Stored Ultracold Neutron Lifetime Experiments: Non-Inertial Frame Effects on the Neutron Velocity Spectrum
Steve K. Lamoreaux

TL;DR
This paper investigates how Earth's rotation influences ultracold neutron spectra in storage experiments, revealing small but significant non-inertial effects that could impact high-precision measurements.
Contribution
It introduces a model for non-inertial frame effects on UCN velocity spectra in rotating storage cells, highlighting their importance for future high-accuracy experiments.
Findings
Non-inertial effects cause spectrum broadening.
Effects induce a random walk in neutron momentum.

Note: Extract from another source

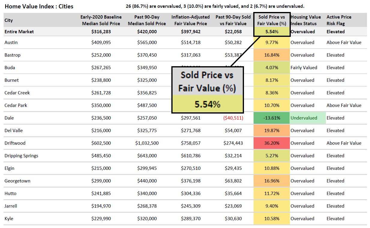 What makes the current Austin housing market especially important to analyze is the dispersion beneath the surface. City-wide and metro-wide averages conceal meaningful differences across submarkets. Some cities remain materially overvalued relative to inflation-adjusted benchmarks, while others have already corrected back to fair value or below. This divergence is now more pronounced than at any point earlier in the cycle.
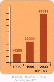 - 截至2000年底,我國總共擁有客戶服務(wù)中心座席數(shù)量7.9萬多個(不包括尋呼企業(yè)的座席數(shù)),市場總規(guī)模達到83.59億元。

Impacts are relevant for precision UCN experiments.
Abstract
Ultracold neutrons (UCN), stored in a cell with hard walls that is attached to, and therefore rotating with, the Earth, will experience non-inertial frame effects, resulting in a broadening of the UCN spectrum. A heating or cooling of the spectrum is also possible. This is because the stored UCN are in a freely falling (inertial) frame between sudden wall collisions, and the acceleration of the cell relative to this frame means that the cell walls will have a new quasi-random velocities between subsequent UCN wall collisions. This results in a random walk of UCN trajectories in momentum space. Estimates of the effects on UCN with specified initial velocities are presented. Although the effects appear as small, they are worth considering for experiments of current interest, and will be important for possible future experiments with anticipated improved accuracy.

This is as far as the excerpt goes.